Innocent : her fancy and his fact eBook

Marie Corelli
This eBook from the Gutenberg Project consists of approximately 511 pages of information about Innocent .

Innocent : her fancy and his fact eBook

Marie Corelli
This eBook from the Gutenberg Project consists of approximately 511 pages of information about Innocent .

“Eminent journalist John Harrington reviews book favourably in evening paper suggesting that you are the actual author.  May we deny or confirm?”

She thought for some minutes before deciding—­and went to Miss Leigh with the telegram in her hand.

“Godmother mine!” she said, kneeling down beside her—­“Tell me, what shall I do?  Is it any use continuing to wear the veil of mystery?  Shall I take up my burden and bear it like a man?”

Miss Lavinia smiled, and drew the girl’s fair head to her bosom.

“Poor little one!” she said, tenderly—­“I know just what you feel about it!  You would rather remain quietly in your own dreamland than face the criticism of the world, or be pointed out as a ’celebrity’—­yes, I quite understand!  But I think you must, in justice to yourself and others, ’take up the burden’—­as you put it—­yes, child!  You must wear your laurels, though for you I should prefer the rose!”

Innocent shivered, as with sudden cold.

“A rose has thorns!” she said, as she got up from her kneeling attitude and moved away—­“It’s beautiful to look at—­but it soon fades!”

She sent off her reply wire to the publishers without further delay.

“Statement quite true.  You can confirm it publicly.”

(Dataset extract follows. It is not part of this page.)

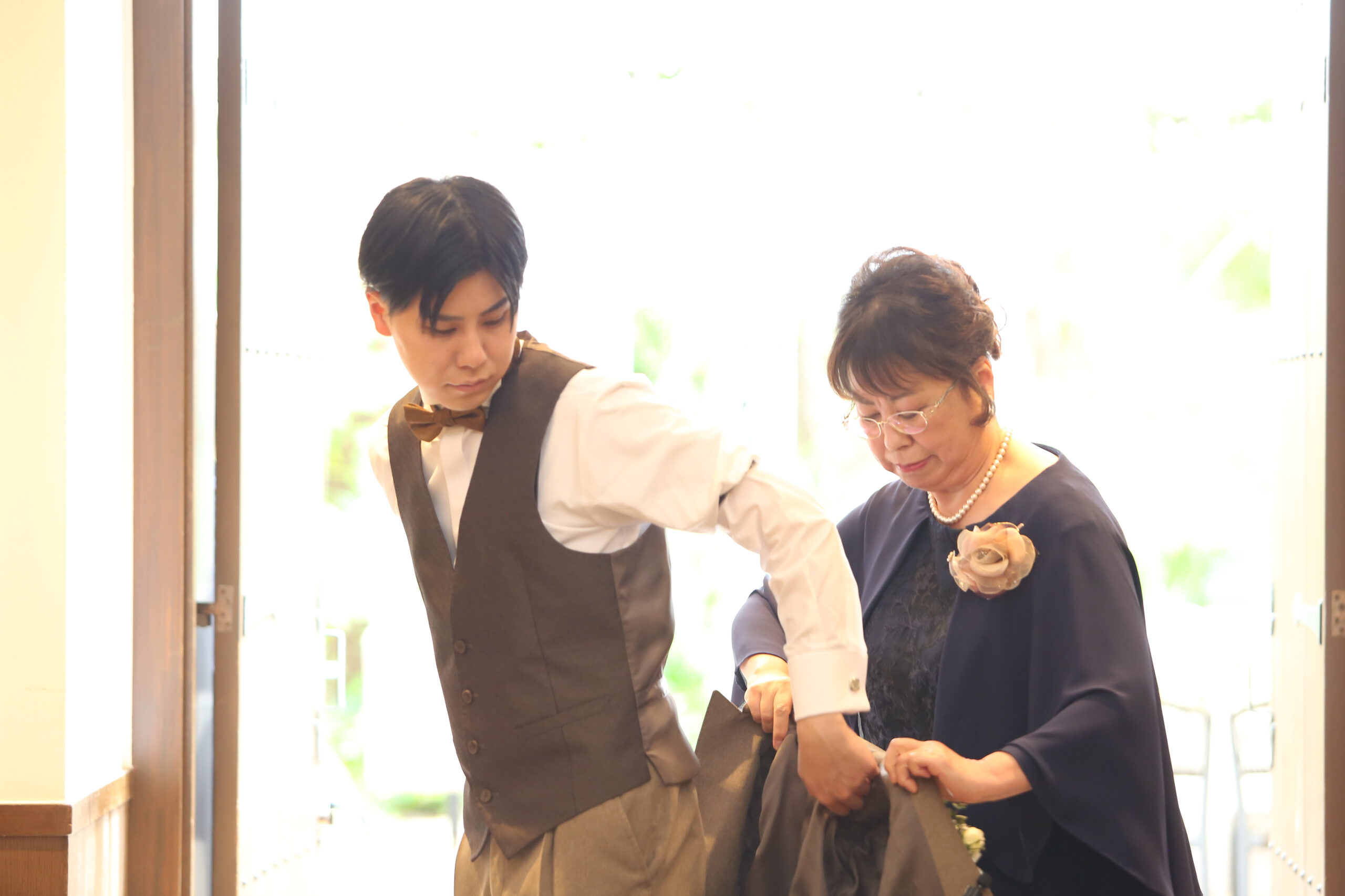 お母様に最後の身支度の仕上げとして、【ジャケットセレモニー】を行っていただきます
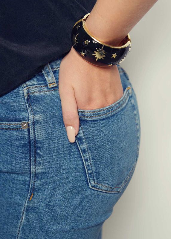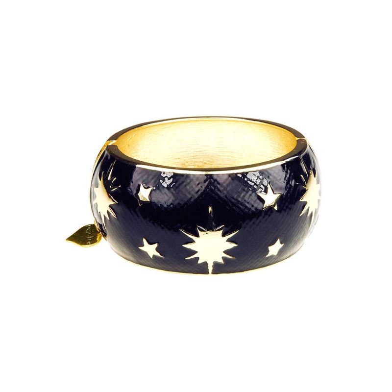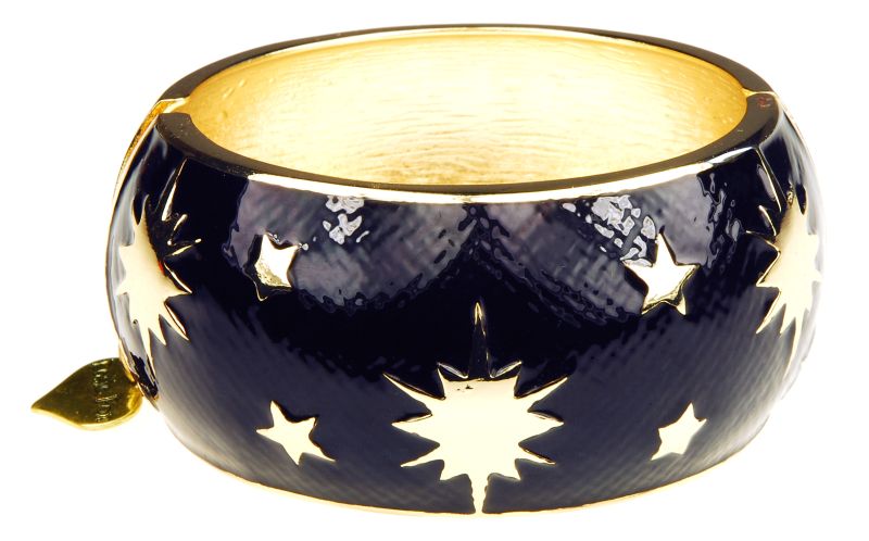 Make a statement in this fashionable jet bangle emblazoned with bright gold star motifs. Bracelet approximately 6cm wide.

And so the news was soon all over London, and for that matter all over the world.  From one end of the globe to the other the fact was made known that a girl in her twentieth year had produced a literary masterpiece, admirable both in design and execution, worthy to rank with the highest work of the most brilliant and renowned authors.  She was speedily overwhelmed by letters of admiration, and invitations from every possible quarter where “lion-hunting” is practised as a stimulant to jaded and over-wrought society, but amid all the attractions and gaieties offered to her she held fast by her sheet-anchor of safety, Miss Leigh, who redoubled her loving care and vigilance, keeping her as much as she could in the harbour of that small and exclusive “set” of well-bred and finely-educated people for whom noise and fuss and show meant all that was worst in taste and manners.  And remaining more or less in seclusion, despite the growing hubbub around her name, she finished her second book, and took it herself to the great publishing house which was rapidly coining good hard cash out of the delicate dream of her woman’s brain.  The head of the firm received her with eager and respectful cordiality.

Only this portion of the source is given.